Highly recommended for those interested in a more human-centric, creative type of science fiction.

Thank you to ECW Press Audio and NetGalley for providing an advance copy of this audiobook in exchange for my honest review. The audiobook will be released on June 30th, 2022 (the printed book was released on May 17th)

This Time Tomorrow by Emma Straub (Literary Fiction)

Writing: 4.5/5 Characters: 4/5 Plot: 5/5

On Alice’s 40th birthday, she finds herself working in the admissions office of the private Upper West Side school she attended as a child, single, and facing the death of her only parent — an unconventional single dad who earned his keep with a best selling science fiction novel about time travel. But here is where things take a sharp 90 degree turn: after a drunken blow out of a birthday, she falls asleep in the shed outside her father’s house and wakes up … as her teenage self on her 16th birthday.

This was an impressive book in that we have all the character depth, insight, and good writing of a literary novel with the fantastic philosophical considerations made possible by the opportunity to potentially impact the future with some targeted behavior shifts on this one, important night.

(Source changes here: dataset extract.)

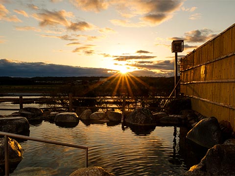 肌がなめらかになることから「美人の湯」とよばれる馬頭温泉郷は、那珂川の清流を眼下に大・小の温泉宿が点在しており、身も心も美しくなると人気を博しています。多くの温泉は西向きで、夕刻になれば、紅く揺れて沈む夕日を眺められるため、「夕焼け温泉郷」とも呼ばれております。

I loved her wry tone and engaging reflections, and I greatly enjoyed her descriptions of New York City from the perspective of a native. As a diehard SF fan, I was also pretty impressed with the breadth of time travel stories Alice ponders as she tries to come to terms with her situation. Some impressive thoughts about the nature of grief as well. I both enjoyed reading this book and feel like I gained some understanding from it as well.

Some fun quotes:

“In the real world, and in her own life, Alice had no power, but in the kingdom of Belvedere, she was a Sith Lord, or a Jedi, depending on whether one’s child got in or not.”

“Her pants were so long that they dragged on the ground, creating a seismograph of filth along the raw bottom edge.”

“It was like there were two of her, the teenage Alice and the grown-up Alice, sharing the same tiny patch of human real estate.”

“Everyone was gorgeous and gangly and slightly undercooked, like they’d been taken out of the oven a little bit too early, even kids that she’d never really looked at too closely, like Kenji Morris, who was taking the SAT class a whole year early, like he was Doogie Howser or something.”

“Her vision was clear, but it was coming from two different feeds. Alice was herself, only herself, but she was both herself then and herself now. She was forty and she was sixteen.”

“Like many transplants from small towns around the world, Matt seemed to look at New York City as a set to walk through, not thinking too much about what had come before.”

Thank you to Riverhead Books and NetGalley for providing an advance copy of this book in exchange for my honest review. The book was published on May 17th, 2022.